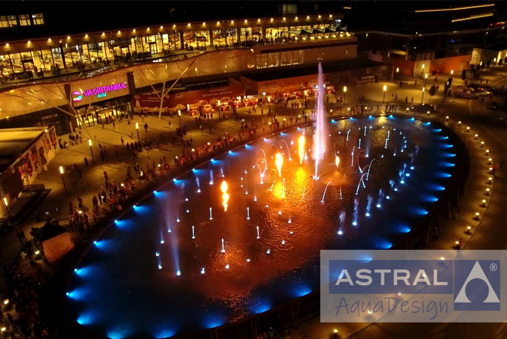 Цветомузыкальный фонтан с огненными насадками напротив торгового центра VADI в Стамбуле Турция
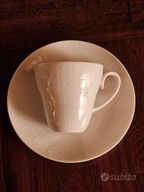 Servizio composto da 6 tazze con piattino Rosenthal disegnato da Bjorn Wiinblad con delicati motivi ovali, linee e punti leggermente in rilievo di una bellezza mozzafiato e curati nei dettagli. Il designer Biörn Wiinblad è stato un pittore, designer e artista danese specializzato in ceramica tessuti e grafica. Nel 1957 fu nominato capo designer per Rosenthal. Fu nominato Uomo dell'Anno a New York nel 1985 e gli fu conferito il Premio Culturale dalla Fondazione Americano-Scandinava nel 1995. I Victoria and Albert Museum di Londra , il MOMA e il Museo Nazionale di Stoccolma ospitano opere di Wiinblad. || motivo "Romance" è stato in produzione dal 1961 e interrotto nel 2005,
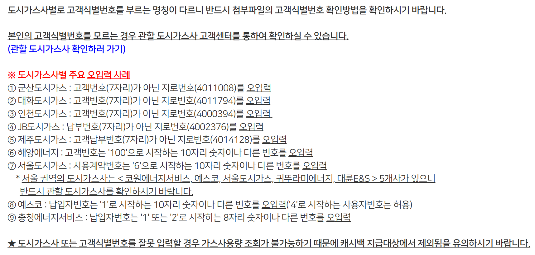 도시가스사별로 고객식별번호를 부르는 명칭이 다르니 반드시 고객식별번호 확인방법을 확인하시기 바랍니다.
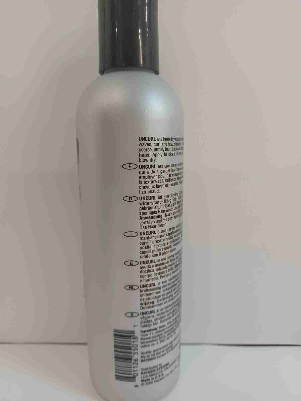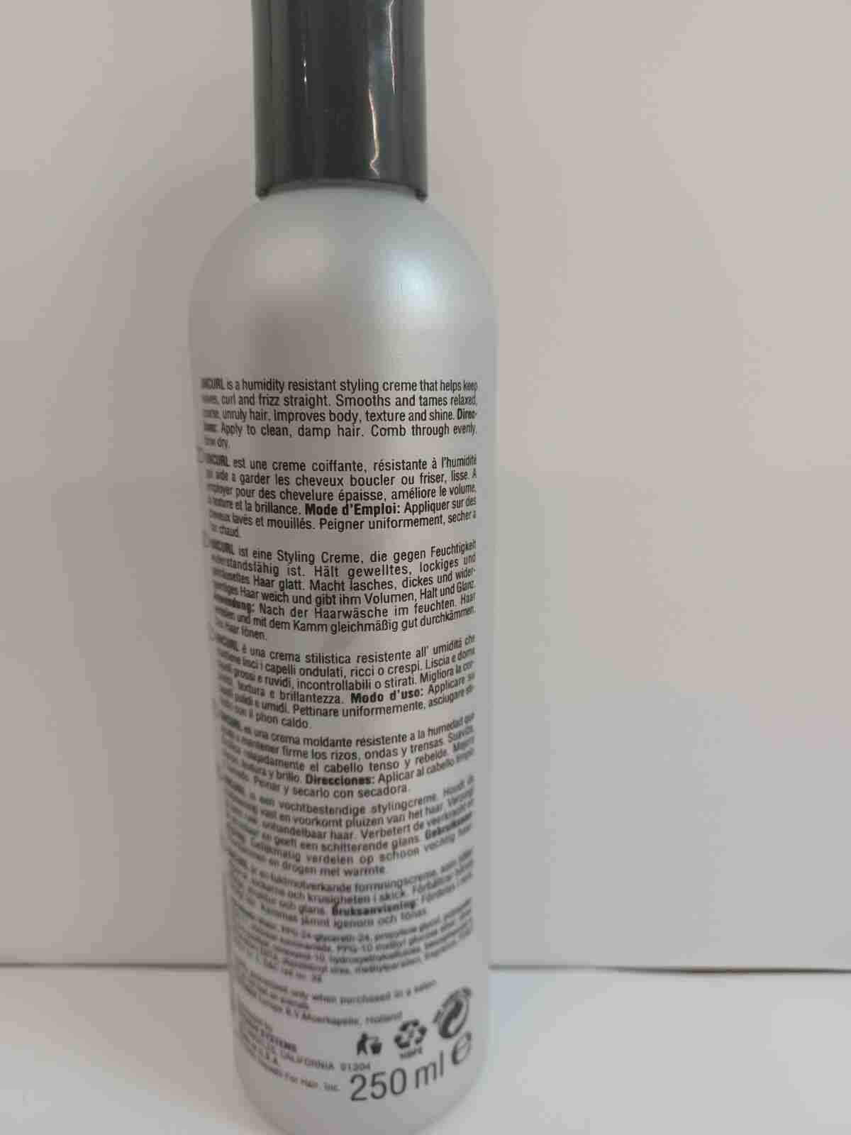 UNCURL is a humidity resistant styling creme that helps keep waves, curl, and frizz straight.

## [Problem requirements]
Exact copy, no pictures: reproduce the whole listing above.

## [Response below]
 Цветомузыкальный фонтан с огненными насадками напротив торгового центра VADI в Стамбуле Турция
 Servizio composto da 6 tazze con piattino Rosenthal disegnato da Bjorn Wiinblad con delicati motivi ovali, linee e punti leggermente in rilievo di una bellezza mozzafiato e curati nei dettagli. Il designer Biörn Wiinblad è stato un pittore, designer e artista danese specializzato in ceramica tessuti e grafica. Nel 1957 fu nominato capo designer per Rosenthal. Fu nominato Uomo dell'Anno a New York nel 1985 e gli fu conferito il Premio Culturale dalla Fondazione Americano-Scandinava nel 1995. I Victoria and Albert Museum di Londra , il MOMA e il Museo Nazionale di Stoccolma ospitano opere di Wiinblad. || motivo "Romance" è stato in produzione dal 1961 e interrotto nel 2005,
 도시가스사별로 고객식별번호를 부르는 명칭이 다르니 반드시 고객식별번호 확인방법을 확인하시기 바랍니다.
 UNCURL is a humidity resistant styling creme that helps keep waves, curl, and frizz straight.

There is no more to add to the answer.